This book examines the subject-matter of psychology against the background of the philosophical problem of reality. It locates the core of the issue in the dualistic conception of reality which, it argues, has left psychologists with a conceptually constrained choice of subject-matter, for instance between experience and behavior, not to mention philosophically incomplete ways of discussing its possible subject-matters. By drawing on the work of philosophers and philosophically informed psychologists, the book seeks to explain and advance the long-standing debate by introducing the under-utilized perspective of ideal-realism. The historical origins and trajectory of ideal-realism are recovered from the late 18th century through the early 20th century.
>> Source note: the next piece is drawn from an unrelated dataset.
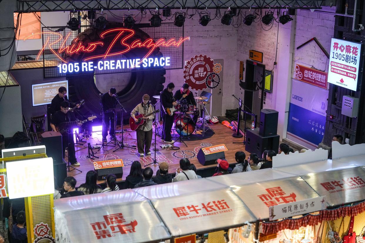 10月6日,游客在沈阳1905文化创意园内观看乐队演出。新华社记者 潘昱龙 摄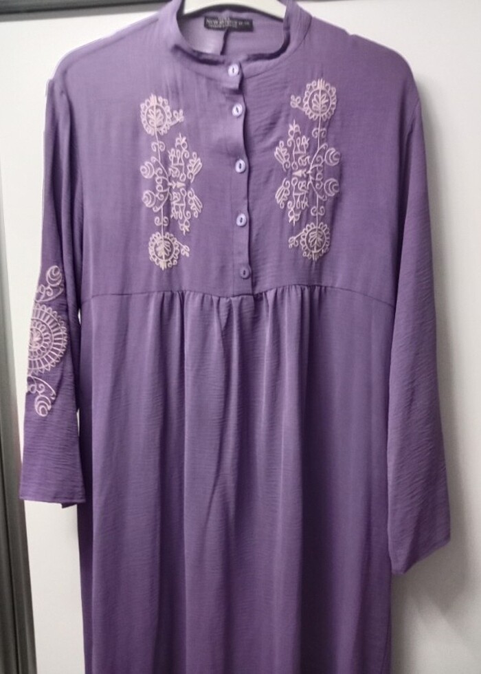 Ayrobin kumaş.hic giyemedim.sifir.sadece yikayip astim.esne kumastir.48,50,52 bedene uygun.liladir.kamaram sıkıntılı olduğu için net çikiyor resimler

The exposition of this tradition, especially in the little-known German Realpsychologie, provides theoretical psychology with a philosophically founded understanding of its subject-matter.
Alexander Nicolai Wendt,
PhD (Psychology), PhD (Philosophy), is Postdoctoral Researcher of Psychology at the Sigmund Freud University Vienna, Austria, and the Ruprecht-Karls-Universität Heidelberg, Germany. His research is focused on the renewal of phenomenological psychology as well as the theory and history of psychology. Dr. Wendt is also Executive Chairman of the
Arbeitsgemeinschaft Philosophie & Psychologie
(Association of Philosophy and Psychology) which promotes the exchange of knowledge between these disciplines.